> [Given information]
========
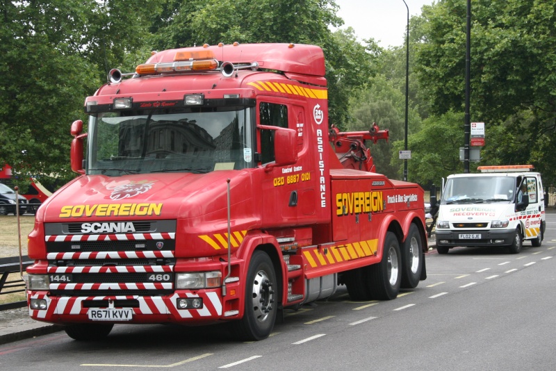 | Details: Sovereign R671KVV stood out from the rest of the fleet by virtue of its red livery, and also its normal control configuration, bonneted Scanias being particularly rare in this country. It could often be found at Park Lane, as seen on 22nd July 2005 when it had Transit Van FL02GJE for company. | ||||
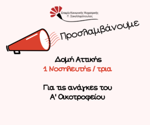 Η Εταιρία Κοινωνικής Ψυχιατρικής Π.Σακελλαρόπουλος ενδιαφέρεται να προσλάβει έναν/μία (1) εργαζόμενο/η νοσηλευτή/τρια ΠΕ/ΤΕ /ΔΕ για την [...]
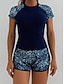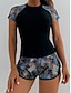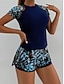 Dames Zwemkleding Tankini 2 stuks Korte broek Zwempak Buikcontrole Hoge taille Slank Blote rug Vakantie Strand Kleding Bloemig Bladeren Ronde hals Korte Mouw Badpakken
========
> [What you have to do] The result should be an exact copy of the material, containing no pictures.

> [Task result]
 | Details: Sovereign R671KVV stood out from the rest of the fleet by virtue of its red livery, and also its normal control configuration, bonneted Scanias being particularly rare in this country. It could often be found at Park Lane, as seen on 22nd July 2005 when it had Transit Van FL02GJE for company. | ||||
 Η Εταιρία Κοινωνικής Ψυχιατρικής Π.Σακελλαρόπουλος ενδιαφέρεται να προσλάβει έναν/μία (1) εργαζόμενο/η νοσηλευτή/τρια ΠΕ/ΤΕ /ΔΕ για την [...]
 Dames Zwemkleding Tankini 2 stuks Korte broek Zwempak Buikcontrole Hoge taille Slank Blote rug Vakantie Strand Kleding Bloemig Bladeren Ronde hals Korte Mouw Badpakken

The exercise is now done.